Roxanny shook her head. "She'd have had a five-year patch."
"She must have decided she wanted my child. She'd have to have had her sterility treatment reversed before we left Earth. It would have taken both of her birthrights. She never told
me."
Wembleth said, "Wait. You mean it?
You're
my father?" He seemed horrified.
"Yah--"
"Why did you leave us?"
"Teela left
me.
I thought then that she left me for Seeker--"
"But what did you
do?"
"I didn't protect her." How could he, against her own luck? "She went into an eyestorm and we lost her. When we found her again, she was with Seeker. She'd have been carrying you when I left them near the Great Ocean, and as for what she did after that, I'd be guessing."
"You are Vashneesht," Wembleth said. "You're good at guessing. I've never understood. Why did mother leave us?"
Louis knew he should be going. Every second might be precious. Once upon a time Proserpina's people had cleaned the Ringworld system of every menacing rock. Now it was infested with ships....

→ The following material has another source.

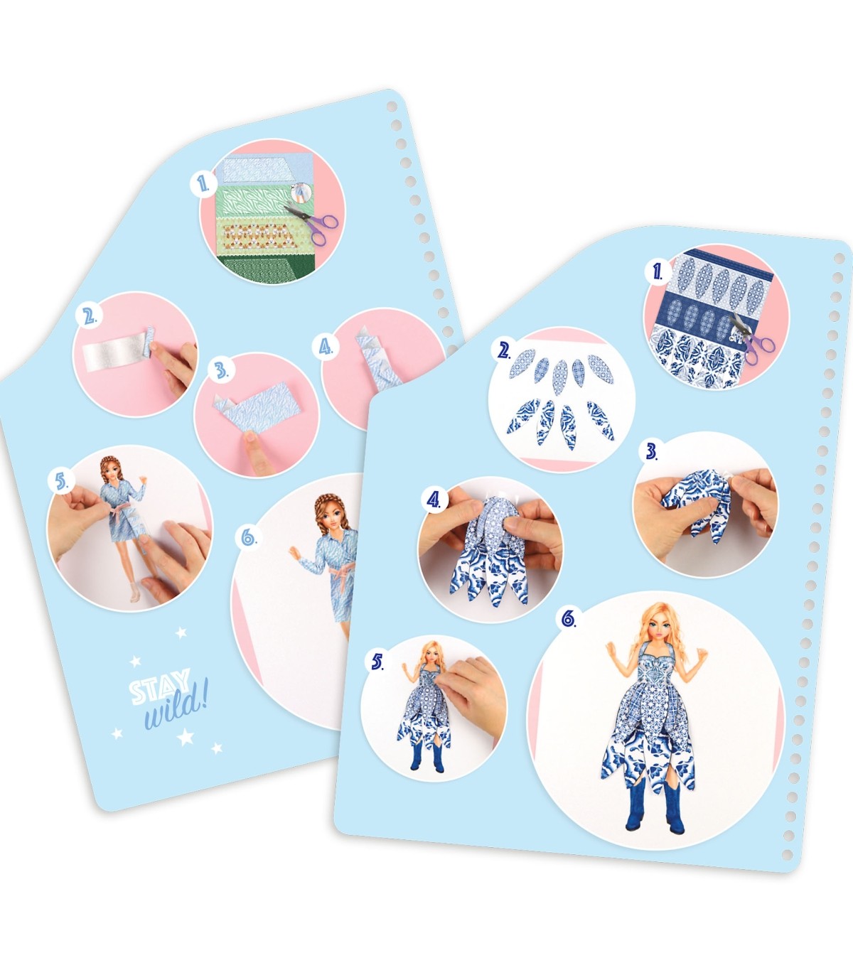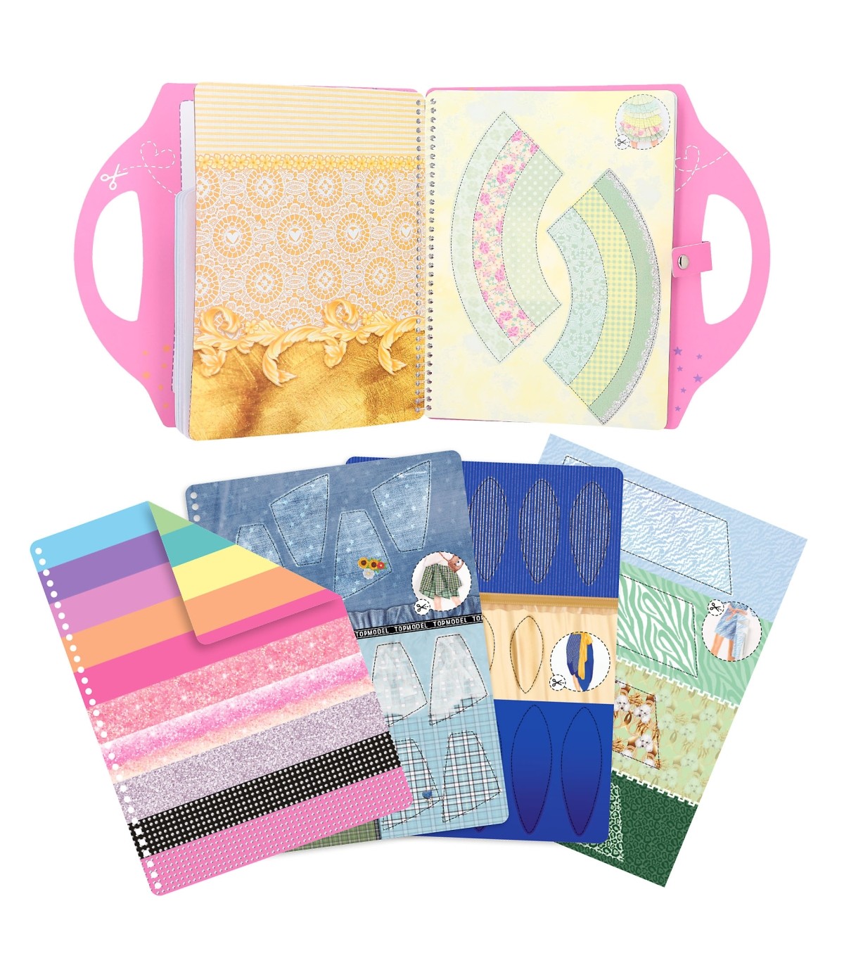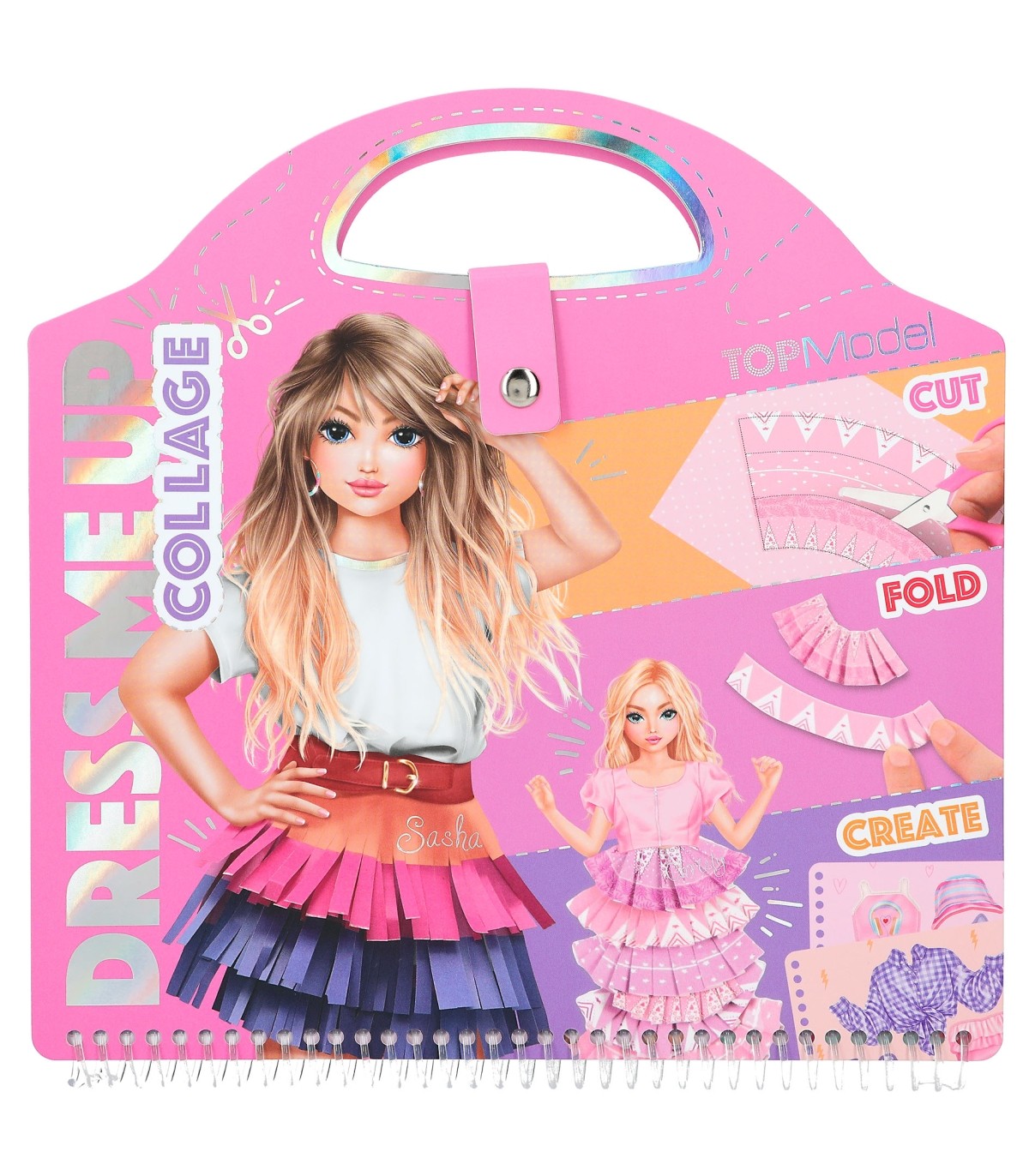 ¡Para llevar fácilmente a todas partes diseños chulísimos! El cuaderno de dibujo de TOPModel con forma de bolso con cierre de presión tiene 20 páginas con figurines de modelos, 20 hojas con estampados de telas maravillosos, 5 páginas de pegatinas, 1 página de pegatinas satinadas y 1 página de pegatinas de vinilo. ¡Las sencillas instrucciones para doblar y completar las manualidades, unidas a la creatividad de las niñas darán como resultado el diseño de estilos únicos!

But in the presence of his son and growing grandchild, Louis was inclined to stay; and Wembleth needed reassurance.
He said, "I left Teela near the Great Ocean. There weren't any stepping disks on the Ringworld then. Seeker--the man she left me for--he might have known how to use the transport that runs along the rim wall. It's a magnetic levitation system, Roxanny. They found something to get them there; there's enough Builder technology lying around. They took the maglev system all the way around to the Other Ocean.
"You'd call that crazy unless they were running from something fearsome. Not from me, I think, but maybe it was what she thought I'd bring. The Fringe War. Teela might have been afraid of puppeteers. Nessus meddled in her life, pretty well destroyed it, and she didn't want that to happen again. She knew any of us would look where we last saw her.
"So they found a place halfway around the arc, and she settled down and made a life with Seeker and you. I hope she was happy."
"Mother was happy," Wembleth said, "but restless too. She never had any more children--"
"Course not. Seeker wasn't her species."
"She and--Seeker--my father," with a bit of a glare, "took turns exploring. I never knew what they were looking for. One of them had to stay with me. They did more of that after I was older. I was near eighty falans when she disappeared."